We need a list of all the possible tags so that we can binarise them (convert them to a numeric representation).

In [7]:
train_simple, test_simple = transform_data(tokenise_subjects_simple)

103
Ecology,Aquatic Science,Nature and Landscape Conservation
[0 0 0 0 0 0 0 0 1 0 0 0 0 0 0 0 0 0 0 0 0 0 0 0 0 0 0 1 0 0 0 0 0 0 0 0 0
 0 0 0 0 0 0 0 0 0 0 0 0 0 0 0 0 0 0 0 0 0 0 0 0 0 0 0 0 0 0 0 0 0 0 0 0 0
 0 0 0 0 1 0 0 0 0 0 0 0 0 0 0 0 0 0 0 0 0 0 0 0 0 0 0 0 0]


In [8]:
train_phrases, test_phrases = transform_data(tokenise_subjects_phrases)

125
Ecology,Aquatic Science,Nature and Landscape Conservation
[0 0 0 0 0 0 0 1 0 0 0 0 0 0 0 0 0 0 0 0 0 0 0 0 0 0 0 0 0 0 1 0 0 0 0 0 0
 0 0 0 0 0 0 0 0 0 0 0 0 0 0 0 0 0 0 0 0 0 0 0 0 0 0 0 0 0 0 0 0 0 0 0 1 0
 0 0 0 0 0 0 0 0 0 0 0 0 0 0 0 0 1 0 0 0 0 0 0 0 0 0 0 0 0 0 0 0 0 0 0 0 0
 0 0 0 0 0 0 0 0 0 0 0 0 0 0]


Now we can create the KMeans cluster models. Again, they'll follow the same pipeline, so it's easier to define a generic method that takes the train/test data as an argument.
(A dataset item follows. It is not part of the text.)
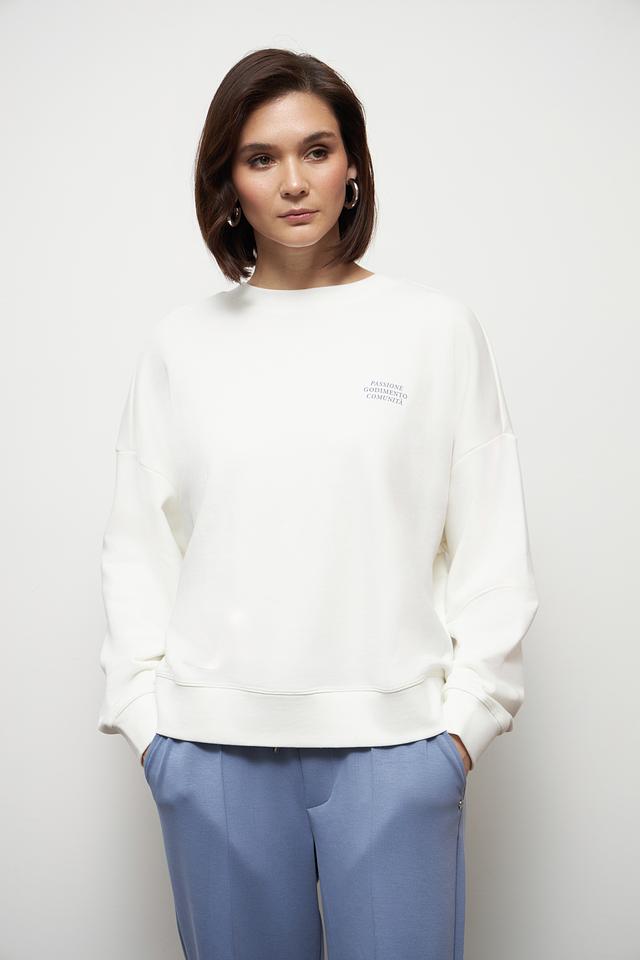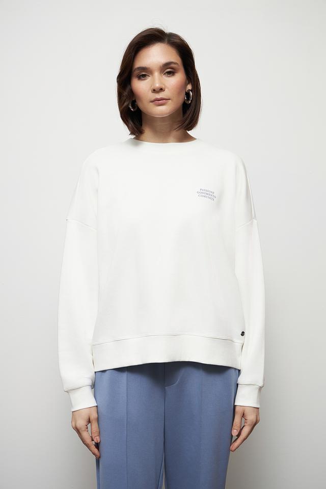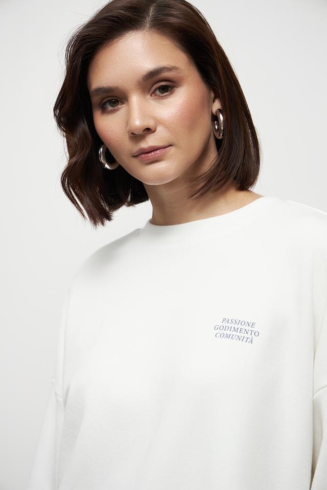 Эта модель идеально подходит для создания повседневных образов. Ее можно сочетать с джинсами, брюками или юбками. Благодаря своему нейтральному цвету, толстовка легко комбинируется с другими элементами одежды.

Since this is *unsupervised* learning, it cannot be scored for accuracy until it's combined with the *supervised* methods. We may need to generate several models with different settings (e.g. for `n_clusters`) to fine-tune the model at a later point.

In [9]:
from sklearn.cluster import KMeans


def create_model(train, n_clusters=2):
    model = KMeans(n_clusters=n_clusters)
    model.fit(train['x'])
    return model

In [10]:
model_simple = create_model(train_simple)
model_phrases = create_model(train_phrases)

Then the model can be saved for later use.

In [13]:
filename = f'kmeans_model_subject.pk'
with open(filename, 'wb') as f:
    dill.dump(model_simple, f)
    

# then to load again:
with open(filename, 'rb') as f:
    loaded_model = dill.load(f)

## Using

The KMeans models are used to give a numerical representation to the list of tags. This can then be included in the training data (along with other features) for supervised learning techniques, e.g. Random Forest classifiers, Naive Bayes, and/or Neural Nets.